DATA PROVIDED:
----
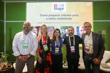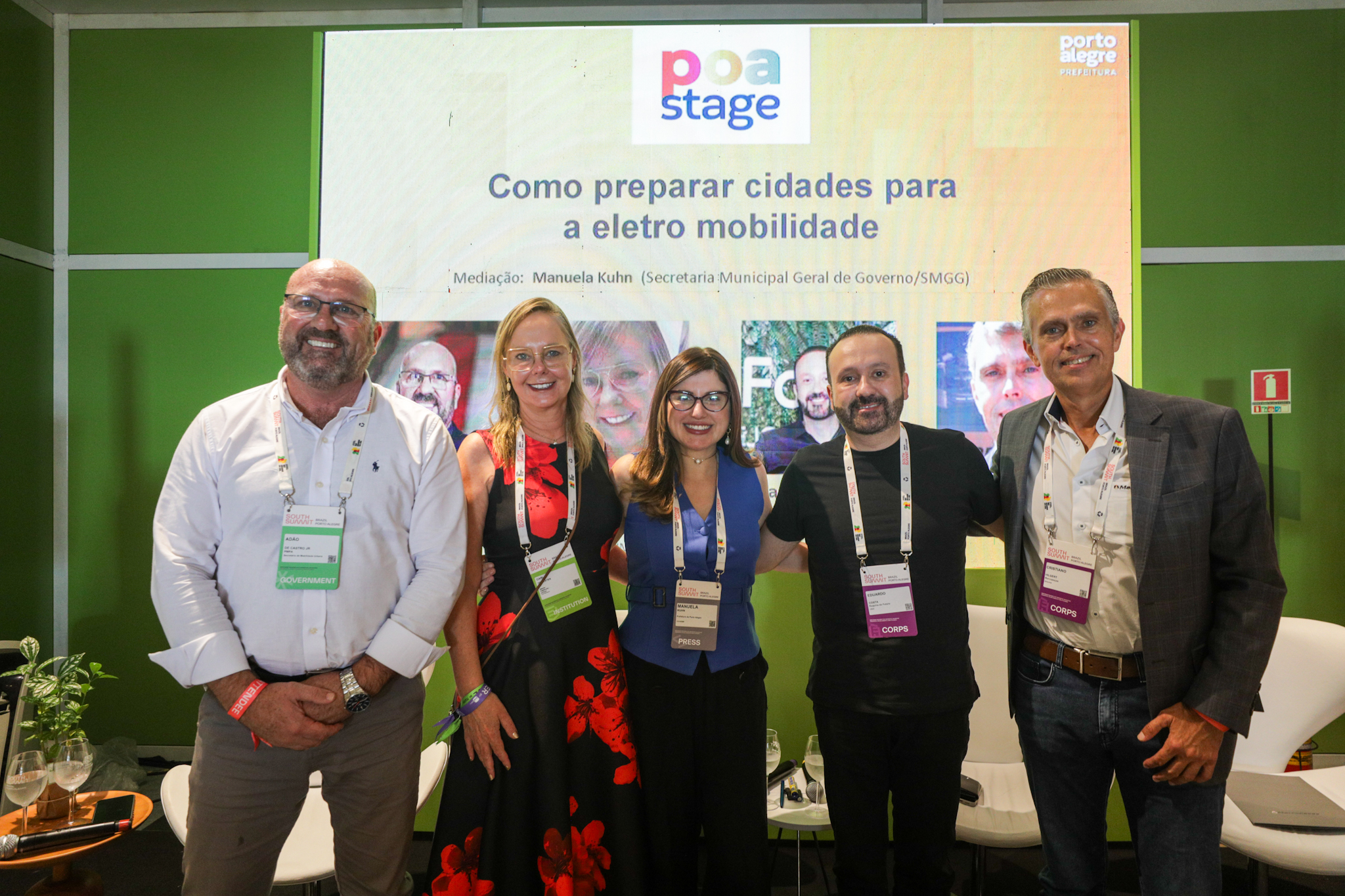 Porto Alegre, RS, 27/03/2026 - Painel: Como preparar cidades para a eletromobilidade no POA STAGE no South Summit Brazil 2026. Mediação: Manuela Kuhn (Secretaria Municipal Geral de Governo/SMGG). Painelistas: Adão Oliveira - Secretário Municipal de Mobilidade Urbana/SMMU/PMPA; Marcell Alexandre de Oliveira da Costa - Diretor do Departamento de Infraestrutura da Mobilidade Urbana – Ministério das Cidades; Carla ten Caten - Coordenadora Unidade EMBRAPII de Mobilidade/SIMOB/UFRGS; Eduardo Silva Costa - CEO Esquina do Futuro. Fotos: Pedro Piegas/PMPA
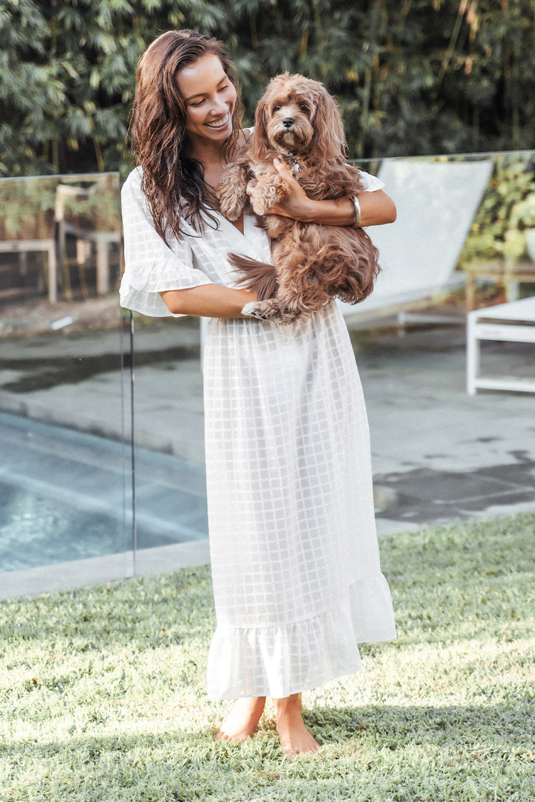 Our Fitted Waisted Ruffle Cover-up Dress makes a great pool and beachwear cover up. Features drop shoulder sleeve detailing and v-neckline.
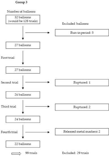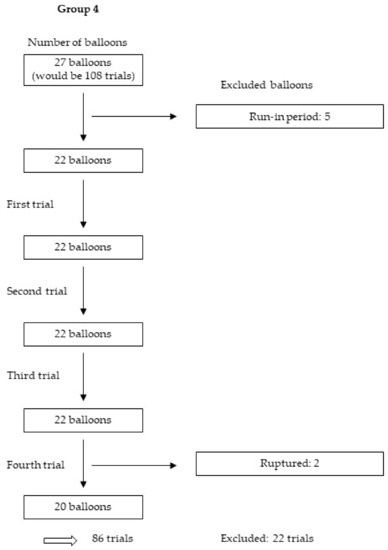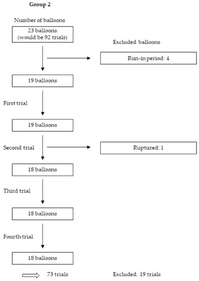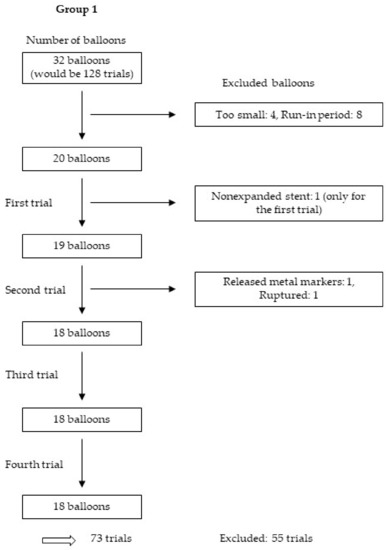 We tested 114 balloons four times each, yielding 456 trials. After the exclusion of 125 trials for various reasons, including those in the run-in period, as well as those with nonexpanded stents, balloons with released metal markers and balloons that were too small or ruptured, we analysed 331 trials from 30 balloons and 58 stents. Figure 5, Figure 6, Figure 7 and Figure 8 show the excluded balloons for each group. The excluded balloons were similar for each group except for group 1, which included the small and short balloons.
----
AIM OF THE EXERCISE: Write out the whole listing again, exactly, with no pictures.

ANSWER TO THIS TASK:
 Porto Alegre, RS, 27/03/2026 - Painel: Como preparar cidades para a eletromobilidade no POA STAGE no South Summit Brazil 2026. Mediação: Manuela Kuhn (Secretaria Municipal Geral de Governo/SMGG). Painelistas: Adão Oliveira - Secretário Municipal de Mobilidade Urbana/SMMU/PMPA; Marcell Alexandre de Oliveira da Costa - Diretor do Departamento de Infraestrutura da Mobilidade Urbana – Ministério das Cidades; Carla ten Caten - Coordenadora Unidade EMBRAPII de Mobilidade/SIMOB/UFRGS; Eduardo Silva Costa - CEO Esquina do Futuro. Fotos: Pedro Piegas/PMPA
 Our Fitted Waisted Ruffle Cover-up Dress makes a great pool and beachwear cover up. Features drop shoulder sleeve detailing and v-neckline.
 We tested 114 balloons four times each, yielding 456 trials. After the exclusion of 125 trials for various reasons, including those in the run-in period, as well as those with nonexpanded stents, balloons with released metal markers and balloons that were too small or ruptured, we analysed 331 trials from 30 balloons and 58 stents. Figure 5, Figure 6, Figure 7 and Figure 8 show the excluded balloons for each group. The excluded balloons were similar for each group except for group 1, which included the small and short balloons.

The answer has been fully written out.